The fire hissed and hummed as he watched her.

“You do not even know how easy it would be to ruin him. This goodness of his, it is like a grass blade. It will be trampled.”

He said nothing.

“And yet, you will do what you will do, will you not? You will say you have no choice. That you are bound by vows and
oaths, and this will hold you to terrible things.” To his credit, he did not look away. “But, Jamie, how could you? Do you not know . . . ?”

Her voice faded off. He knew. He was a mythic warrior-king, sitting cross-legged before the fire. He looked every inch of it, with his flashing sword and dark eyes, his hands that had done so much, waiting to take whatever he wished.
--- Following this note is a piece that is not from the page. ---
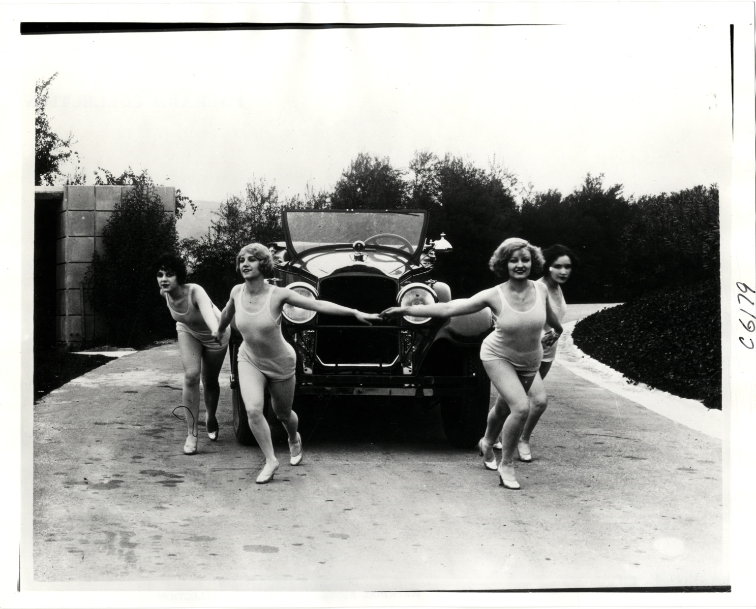Marion Morgan Dancers encircling 1927 Packard 343 Series 8 automobile
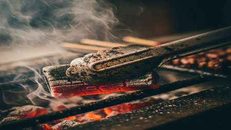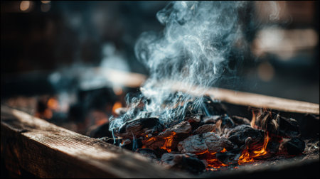 Captivating scene of glowing charcoal fire with rising smoke, evoking warmth and comfort during an outdoor gathering, perfect for culinary or nature themes.

And yet, and yet...

He looked down into the fire. “Eva, do you know what state this realm is in?”

“Dying.”

“No. Exploding. Erupting. It will not last long.”

“And so men do terrible things while they can.”

“And in their madness, would put on the throne a man worse than the known evil.”

“There is no worse thing,” she protested, then pressed the back of her hand to her lips to hide that her voice had cracked, like a wall pressed upon too hard.

He looked up then with a smile overflowing with bitterness. “Eva, there is always something worse.”

The heart hangs over a pit. Strung up like a sacrifice, it swings in the winds of the world, of things done and things that might have been. Sometimes it is in terrible sway, those hopeless moments of
How did it ever come to this?
Other days are calm, and it is easy to forget what lies below.

Then there are Jamie days. Hurricane days. Days where the worst winds are nothing but pale zephyrs beside the sweeping hurricane force of one other lost, swinging soul.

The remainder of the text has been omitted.